Any change to LLM prompts (system prompts, tool incentives, constraints, etc.) must be verified against a relevant eval case. If no eval exists for the behaviour being changed, write one first. The eval should demonstrate the improvement — i.e. it should fail or show worse results before the prompt change and pass or improve after.

Commit your changes when you finish a fix or feature before moving on to the next task.

Before running `git commit --amend`, always check `git log --oneline -3` first to verify you're amending the correct commit.

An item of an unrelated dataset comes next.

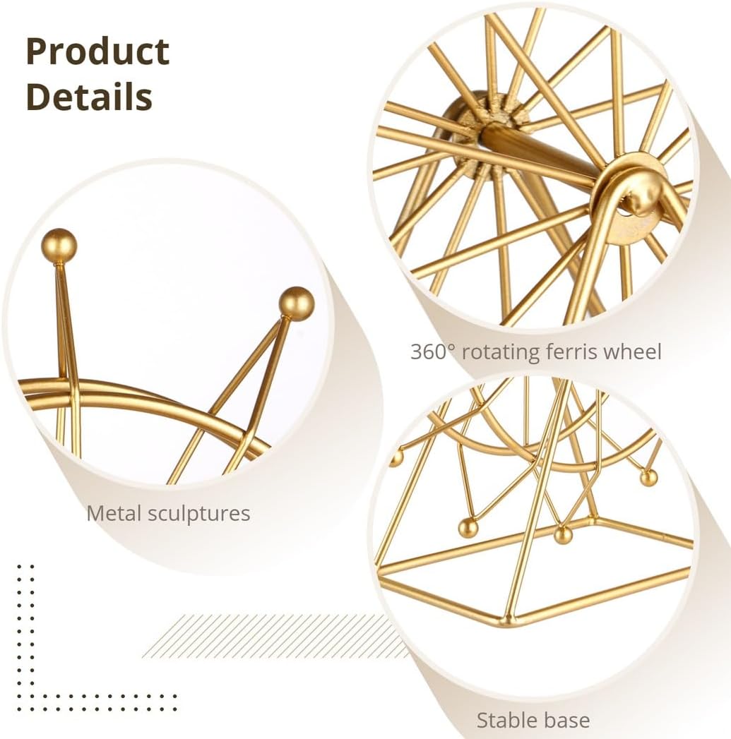 Color: Gold Material: Iron Size: 8.6*3.5*9 in Package Includes: 1*Ferris wheel home decor Note: - Please refer to the measurement. Tiny measuring error is allowable in normal range. - There might be a little color difference due to the monitor, camera or other factors, please refer to the physical item.

Always use British English everywhere (e.g. "colour" not "color", "behaviour" not "behavior", "initialise" not "initialize").

Do not use em dashes (—) in GitHub issue/PR/discussion replies or any user-facing writing. Prefer a comma, a full stop, a colon, or parentheses depending on the clause. This applies to replies you post on the user's behalf and to text generated for them.

## Prompt-engineering: denial-template mirroring

When a small model keeps producing a canonical denial ("I only have access to the information you have shared in our current conversation", "I don't have any personal information about you", etc.), don't argue against the denial in the system prompt — that rarely wins against strong priors. Instead, phrase the injected context so it literally occupies the semantic slot the denial refers to. If the model denies having "information the user has shared in prior conversations", label the block exactly that. The denial stops triggering because the thing it claims to lack is now visibly present in the prompt. Arguing with the model's priors is expensive; feeding the denial its own words with the data pre-filled is cheap.